(Stored records)
------------------------------------------------------------------------
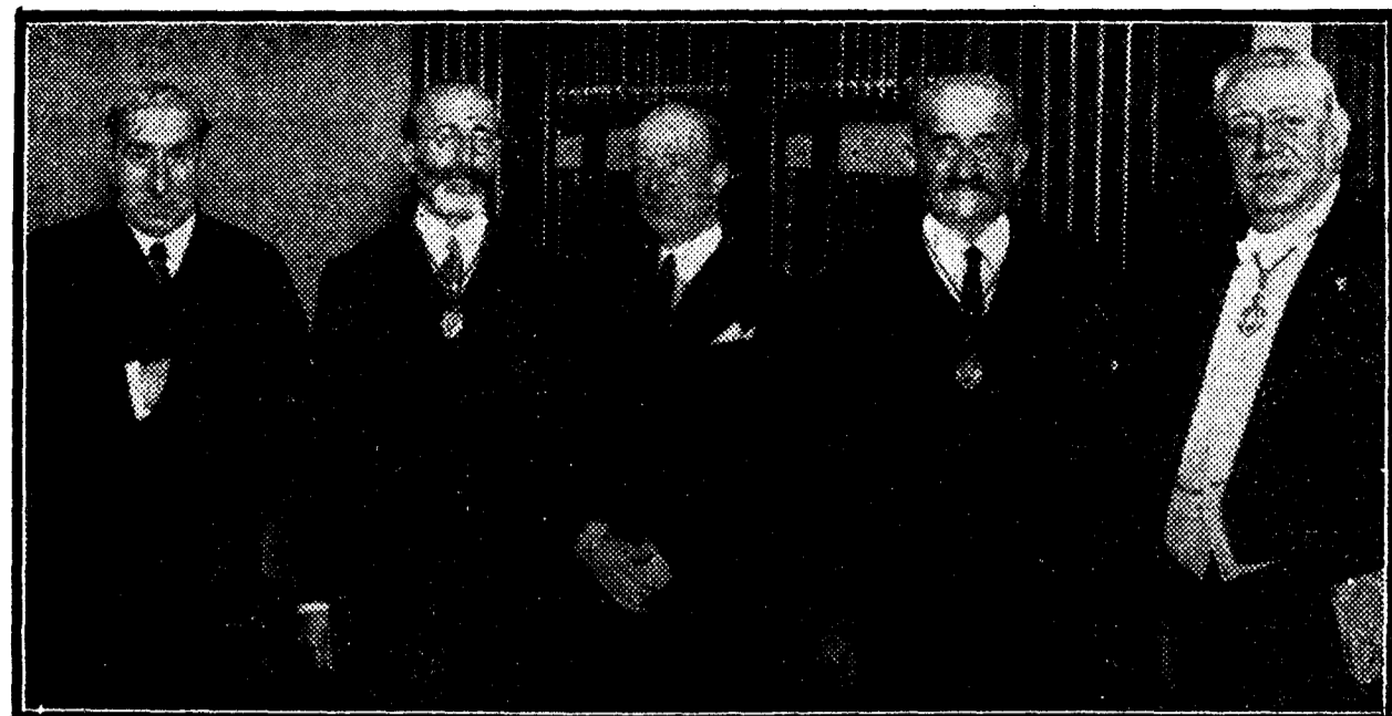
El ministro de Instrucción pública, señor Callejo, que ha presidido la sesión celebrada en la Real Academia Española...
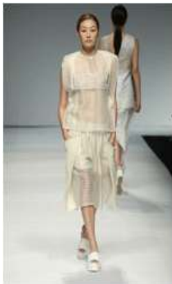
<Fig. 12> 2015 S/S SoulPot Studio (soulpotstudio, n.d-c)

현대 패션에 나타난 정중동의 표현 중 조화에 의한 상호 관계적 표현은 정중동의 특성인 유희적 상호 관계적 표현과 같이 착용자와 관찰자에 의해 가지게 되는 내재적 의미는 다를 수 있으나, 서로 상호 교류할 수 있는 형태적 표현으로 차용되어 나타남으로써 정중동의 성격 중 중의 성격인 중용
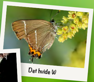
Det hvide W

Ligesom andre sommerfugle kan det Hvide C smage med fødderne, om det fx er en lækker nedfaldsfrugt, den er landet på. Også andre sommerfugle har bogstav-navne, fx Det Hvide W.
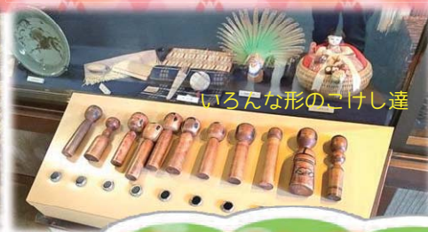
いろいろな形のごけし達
------------------------------------------------------------------------
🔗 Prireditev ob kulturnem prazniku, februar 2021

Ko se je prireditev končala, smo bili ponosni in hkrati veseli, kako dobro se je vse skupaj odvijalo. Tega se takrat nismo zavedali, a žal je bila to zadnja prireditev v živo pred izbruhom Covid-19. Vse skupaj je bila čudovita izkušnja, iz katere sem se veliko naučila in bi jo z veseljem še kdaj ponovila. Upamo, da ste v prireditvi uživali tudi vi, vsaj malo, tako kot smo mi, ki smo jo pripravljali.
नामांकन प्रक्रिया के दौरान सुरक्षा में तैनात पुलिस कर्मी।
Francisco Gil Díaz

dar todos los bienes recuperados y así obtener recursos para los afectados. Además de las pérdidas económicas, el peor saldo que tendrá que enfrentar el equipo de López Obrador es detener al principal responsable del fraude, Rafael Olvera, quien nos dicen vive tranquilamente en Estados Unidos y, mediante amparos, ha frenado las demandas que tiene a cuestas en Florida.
------------------------------------------------------------------------
Reproduce exactly, with no pictures, the lines above from the one holding "현대 패션에 나타난 정중동의" to the one holding "いろいろな形のごけし達", inclusive.

현대 패션에 나타난 정중동의 표현 중 조화에 의한 상호 관계적 표현은 정중동의 특성인 유희적 상호 관계적 표현과 같이 착용자와 관찰자에 의해 가지게 되는 내재적 의미는 다를 수 있으나, 서로 상호 교류할 수 있는 형태적 표현으로 차용되어 나타남으로써 정중동의 성격 중 중의 성격인 중용
Det hvide W

Ligesom andre sommerfugle kan det Hvide C smage med fødderne, om det fx er en lækker nedfaldsfrugt, den er landet på. Også andre sommerfugle har bogstav-navne, fx Det Hvide W.
いろいろな形のごけし達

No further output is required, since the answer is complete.